Mulai dari Kuil Fangyang, jalanan menjadi buruk dan saya mulai berjalan. Satu bagiannya bukan jalan. Untungnya, hujan berangsur-angsur berhenti, yang membuat orang merasa lebih nyaman. Tetapi jalan di pegunungan sangat tidak berdaya, saya telah melihat Kuil Ping An dari kejauhan, tetapi saya masih berjalan selama dua jam lagi. Dan sejak itu, saya ikut runtuh lima pasang surut, dan tidak ada lagi air minum. Saya berangsur-angsur berubah dari yang pertama ke yang terakhir.
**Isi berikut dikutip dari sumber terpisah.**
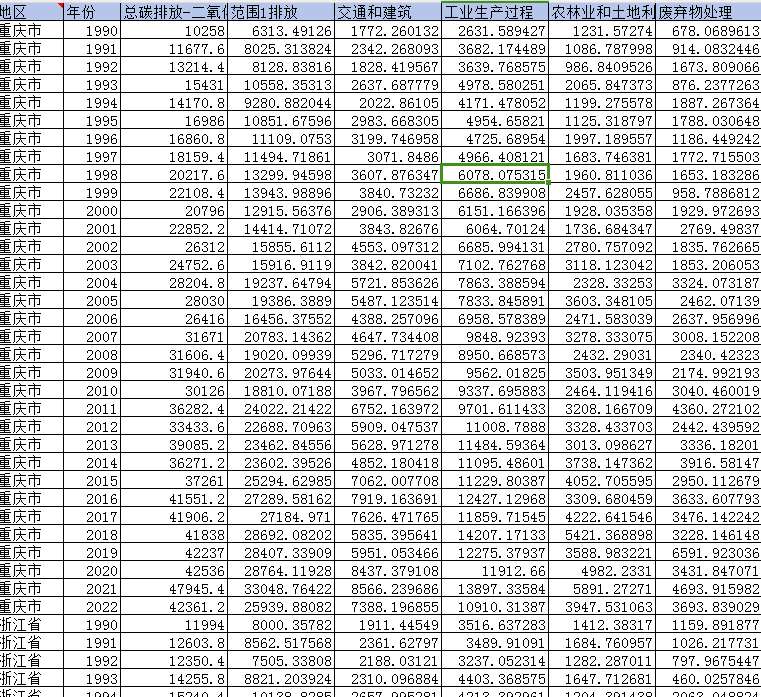 地区、年份、总碳排放-二氧化碳(万吨)、范围1排放、交通和建筑、工业生产过程、农林业和土地利用变化、废弃物处理、范围2排放、外购电力、供热和制冷、范围3排放。
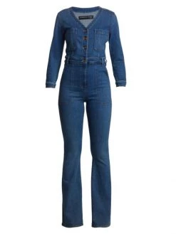 This fitted denim jumpsuit skims the figure, featuring patch pockets at the chest.
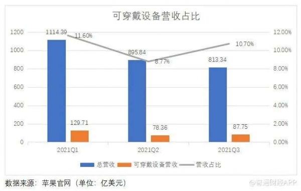 近些年来,随着苹果可穿戴设备产品矩阵丰富度的增加, 该业务带来的营收不断增长,由 2015财年Q2的16.89亿美元(营收占比为 3%)提升至2021财年Q3的87.75 亿美元(营收占比为 10.7%),成为苹果第三大业务(按营收计算)。
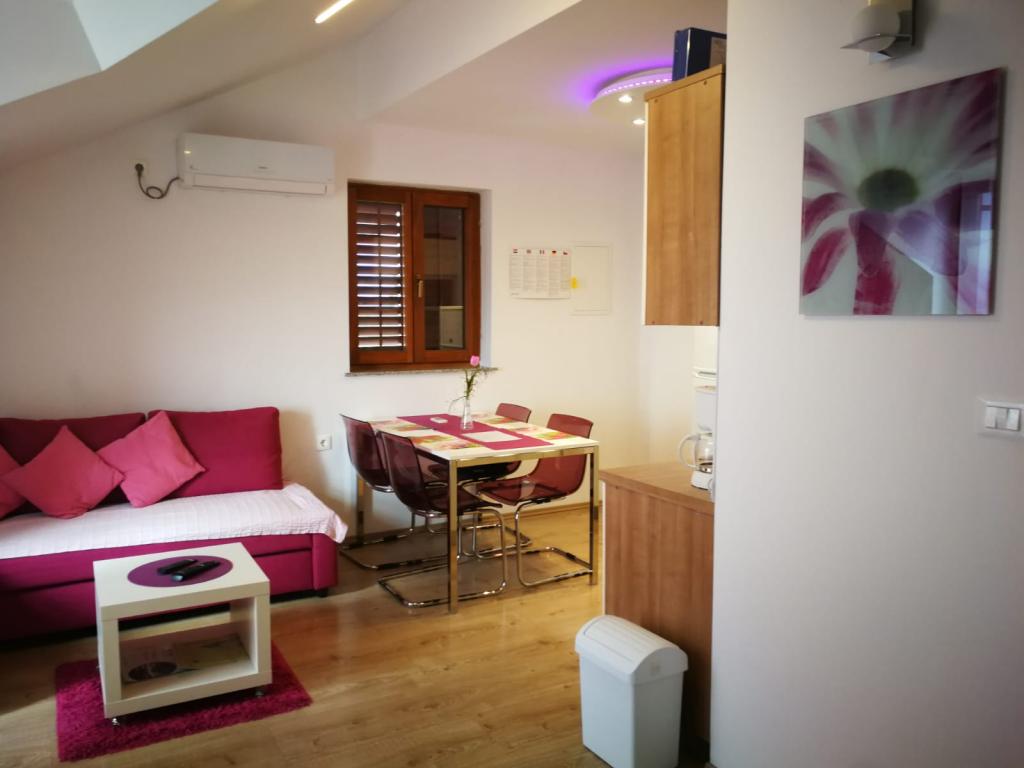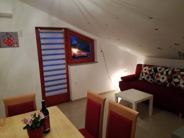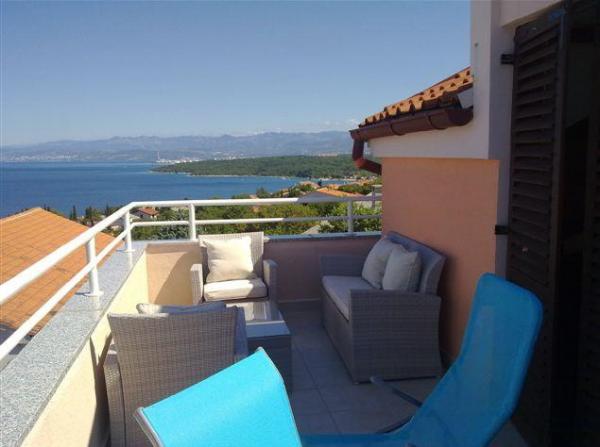 Apartmaji moderno opremljeni, funkcionalni s terasami s čudovitim pogledom na morje. Lastnik hitro in zelo natančno odgovarja na novice. Na mestu lastnika zelo gostoljubna in lepa. Parkirni prostori za vsak apartma so oštevilčeni. Na plažo, nedaleč od strmega vzpenjanja, vendar pogledi kompenzirajo. Kamnita plaža, na zelo dolgem odseku, lahko vsakdo najde mesto zase. V mesto, ki stoji približno 1 km, se nahaja prekrasna pot ob morju - tam je veliko prireditev, kavarn, lepa pristanišča, obložena z belim kamnom, v sezonskih koncertih in drugih kulturnih prireditvah. Na območju številnih zanimivih krajev za obisk - Krk, Vrbnik, Baška, Punat, Malinska.
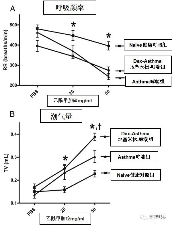 該研究團(tuán)隊(duì)使用了全身體積描記系統(tǒng)(WBP)比較了兩組經(jīng)蟑螂過敏原致敏(CRA)的小鼠的呼吸參數(shù)。其中一組在最后激發(fā)時(shí)使用了地塞米松(Dexamethasone)治療哮喘癥狀組(Dex-Asthma組),另一組則為載體對(duì)照組(Asthma組)。
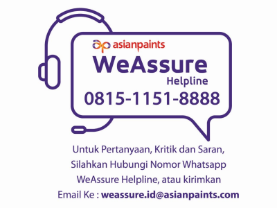 Jika Anda memiliki saran, kritik atau pertanyaan mengenai produk dan layanan PT Asian Paints Indonesia, Silahkan Hubungi Nomor Bebas Pulsa di nomor 0815 1151 8888 atau kirimkan Email Ke alamat weassure.id@asianpaints.com. Kami siap memberikan penjelasan lebih lanjut mengenai pertanyaan dari Anda.
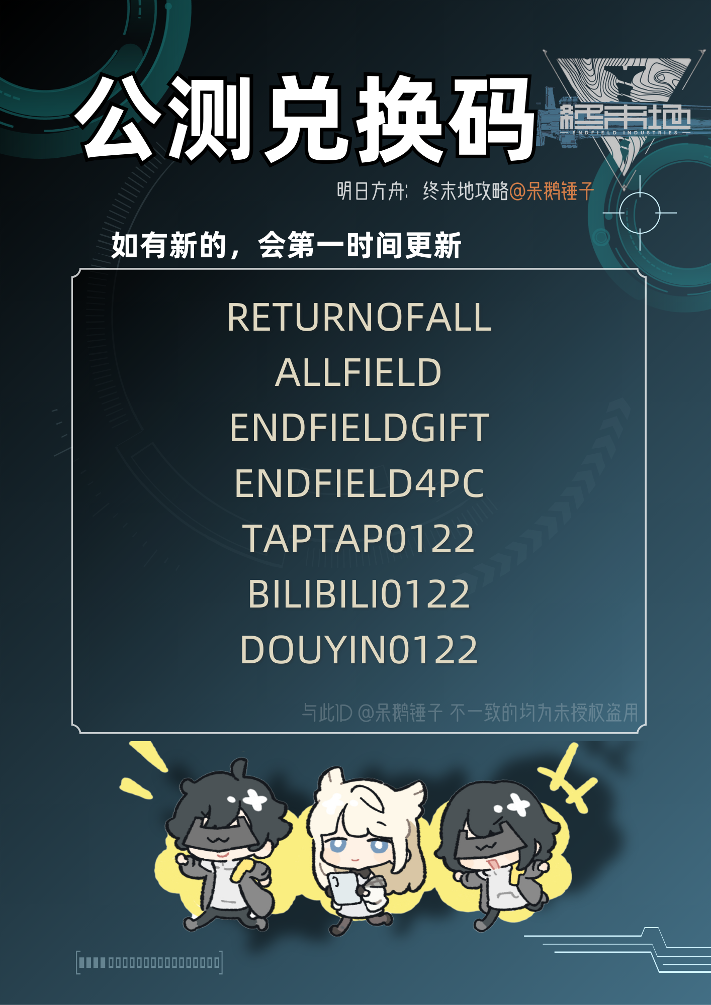 明日方舟:终末地【终末地】开服兑换码整理、换取方式如下:
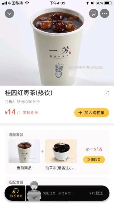 一芳的桂圆红枣茶(热饮),搭配马蹄露、仙草冻以及白桃丁,在满足养生需求的同时也满足了口欲。
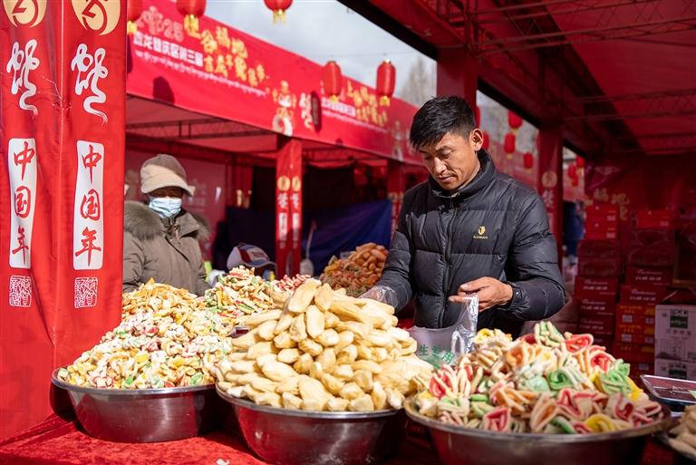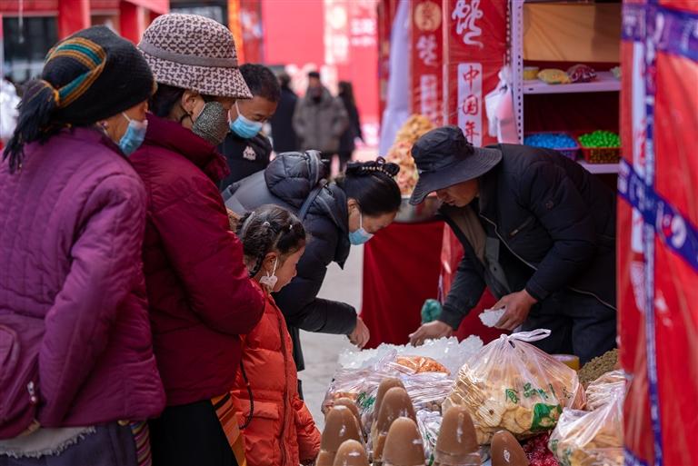 活動當天,記者來到位于拉薩市城關區(qū)蔡公堂街道恩惠苑社區(qū)翰林苑小區(qū)附近的年貨市場,只見現(xiàn)場人聲鼎沸。150個攤位整齊排列,各類年貨商品琳瑯滿目,讓人目不暇接。這里有糖果、堅果、酥油、卡塞等傳統(tǒng)食品,有豬肉、牛肉干、羊肉等肉類制品,還有臘味熟食、奶渣餅等特色小吃,以及藏文對聯(lián)、喜慶裝飾、廚具餐具等日用百貨,完全能滿足居民群眾一站式的年貨購物需求。

Terima kasih atas dorongan Mengmeng dan pohonnya, sebaliknya pada saat itu Saya sangat ingin menyerah.
Di lubang angin tidak jauh dari Kuil Ping'an, saya melihat awan air terjun untuk pertama kalinya dari kejauhan. Rasa kaget dan kagum pada saat itu masih belum terlalu banyak untuk dipikirkan. Saya diam-diam bertanya-tanya bagaimana Sang Pencipta bisa begitu ajaib dan bagaimana mungkin keberuntungan saya bisa begitu. Itu bagus, tapi setelah tiba di Kuil Ping'an, karena lokasinya, tidak mungkin lagi untuk melihatnya dari dekat.